→ **TASK MATERIAL**:
- Opening Delimiter -

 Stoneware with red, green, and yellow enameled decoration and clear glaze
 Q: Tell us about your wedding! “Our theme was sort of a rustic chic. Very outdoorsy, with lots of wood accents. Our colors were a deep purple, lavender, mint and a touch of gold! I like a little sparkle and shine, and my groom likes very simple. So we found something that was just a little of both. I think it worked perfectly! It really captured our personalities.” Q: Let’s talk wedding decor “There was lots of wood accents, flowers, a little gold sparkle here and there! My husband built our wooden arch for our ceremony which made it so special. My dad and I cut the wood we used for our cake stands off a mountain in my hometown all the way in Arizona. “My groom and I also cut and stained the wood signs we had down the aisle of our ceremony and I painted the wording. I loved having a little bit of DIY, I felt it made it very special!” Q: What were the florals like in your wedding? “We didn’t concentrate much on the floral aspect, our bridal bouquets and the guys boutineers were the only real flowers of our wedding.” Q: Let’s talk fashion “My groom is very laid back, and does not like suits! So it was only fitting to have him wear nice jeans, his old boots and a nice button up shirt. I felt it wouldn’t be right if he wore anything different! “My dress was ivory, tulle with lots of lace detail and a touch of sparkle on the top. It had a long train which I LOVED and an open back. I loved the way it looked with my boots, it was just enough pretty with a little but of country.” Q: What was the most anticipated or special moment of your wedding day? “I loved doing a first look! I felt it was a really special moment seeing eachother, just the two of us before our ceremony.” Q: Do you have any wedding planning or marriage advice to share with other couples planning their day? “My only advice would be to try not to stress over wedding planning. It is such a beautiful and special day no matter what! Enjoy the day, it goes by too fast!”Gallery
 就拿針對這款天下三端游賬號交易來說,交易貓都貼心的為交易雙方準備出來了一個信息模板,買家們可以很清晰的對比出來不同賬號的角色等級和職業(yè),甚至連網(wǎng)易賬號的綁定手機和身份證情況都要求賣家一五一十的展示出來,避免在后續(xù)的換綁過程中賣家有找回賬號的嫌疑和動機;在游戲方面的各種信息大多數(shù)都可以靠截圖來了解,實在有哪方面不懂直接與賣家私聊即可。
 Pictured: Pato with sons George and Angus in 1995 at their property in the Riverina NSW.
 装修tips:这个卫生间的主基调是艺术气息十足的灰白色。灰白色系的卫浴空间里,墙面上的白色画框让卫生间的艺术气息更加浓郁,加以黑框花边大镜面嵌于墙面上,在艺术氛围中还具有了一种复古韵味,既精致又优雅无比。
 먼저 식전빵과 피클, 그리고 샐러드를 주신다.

- Closing Delimiter -
- Opening Delimiter -

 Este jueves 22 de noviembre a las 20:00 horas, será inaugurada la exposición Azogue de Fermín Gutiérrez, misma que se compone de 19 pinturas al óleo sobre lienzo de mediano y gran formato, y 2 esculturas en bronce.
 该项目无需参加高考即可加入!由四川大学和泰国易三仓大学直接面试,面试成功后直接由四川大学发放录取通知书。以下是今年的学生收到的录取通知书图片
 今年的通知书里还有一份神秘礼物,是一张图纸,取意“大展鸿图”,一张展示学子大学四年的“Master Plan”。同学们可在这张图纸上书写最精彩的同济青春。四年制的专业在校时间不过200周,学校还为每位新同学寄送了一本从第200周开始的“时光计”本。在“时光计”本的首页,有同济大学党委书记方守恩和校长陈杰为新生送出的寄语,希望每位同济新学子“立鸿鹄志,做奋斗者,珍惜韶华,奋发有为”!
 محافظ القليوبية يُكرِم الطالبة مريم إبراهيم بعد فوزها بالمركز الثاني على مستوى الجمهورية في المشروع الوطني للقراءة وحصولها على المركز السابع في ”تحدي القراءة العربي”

- Closing Delimiter -
- Opening Delimiter -

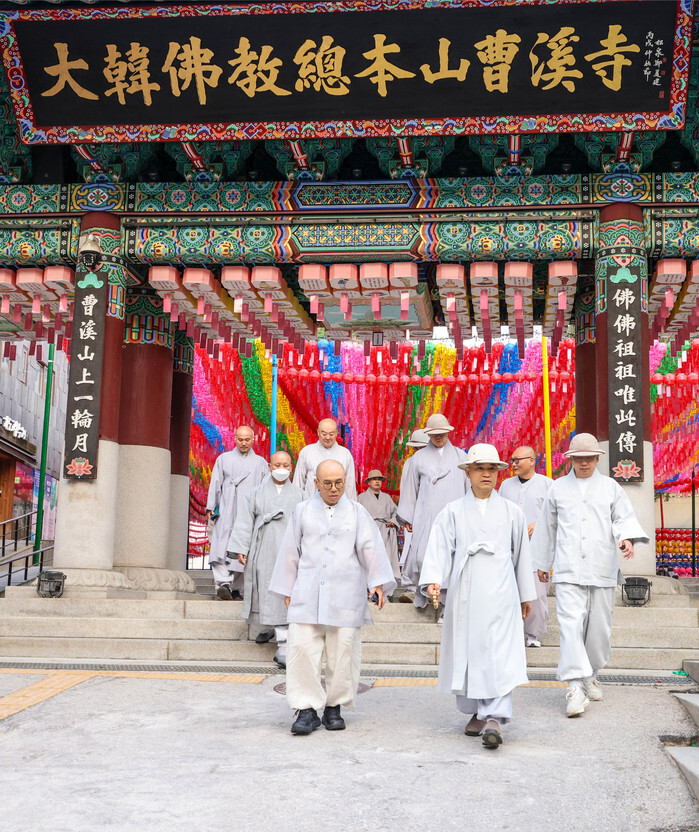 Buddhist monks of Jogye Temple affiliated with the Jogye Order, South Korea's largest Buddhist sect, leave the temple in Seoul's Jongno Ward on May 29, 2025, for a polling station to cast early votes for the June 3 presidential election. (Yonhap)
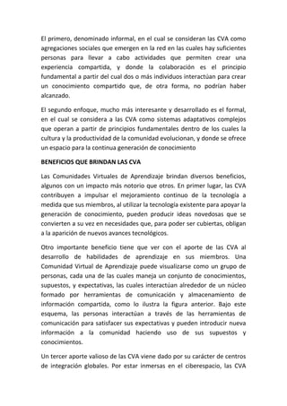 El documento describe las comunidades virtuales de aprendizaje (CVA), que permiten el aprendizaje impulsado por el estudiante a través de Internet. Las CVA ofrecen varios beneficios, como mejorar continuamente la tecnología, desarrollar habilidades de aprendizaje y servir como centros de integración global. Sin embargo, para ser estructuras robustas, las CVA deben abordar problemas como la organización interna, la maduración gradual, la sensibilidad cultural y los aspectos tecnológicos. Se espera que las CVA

- Closing Delimiter -

→ **WHAT YOU NEED TO DO**: Beginning with the line above that contains "就拿針對這款天下三端游賬號交", copy each line exactly up to and including the line that contains "装修tips:这个卫生间的主", and go no further.

→ **ANSWER TO THE EXERCISE**:
 就拿針對這款天下三端游賬號交易來說,交易貓都貼心的為交易雙方準備出來了一個信息模板,買家們可以很清晰的對比出來不同賬號的角色等級和職業(yè),甚至連網(wǎng)易賬號的綁定手機和身份證情況都要求賣家一五一十的展示出來,避免在后續(xù)的換綁過程中賣家有找回賬號的嫌疑和動機;在游戲方面的各種信息大多數(shù)都可以靠截圖來了解,實在有哪方面不懂直接與賣家私聊即可。
 Pictured: Pato with sons George and Angus in 1995 at their property in the Riverina NSW.
 装修tips:这个卫生间的主基调是艺术气息十足的灰白色。灰白色系的卫浴空间里,墙面上的白色画框让卫生间的艺术气息更加浓郁,加以黑框花边大镜面嵌于墙面上,在艺术氛围中还具有了一种复古韵味,既精致又优雅无比。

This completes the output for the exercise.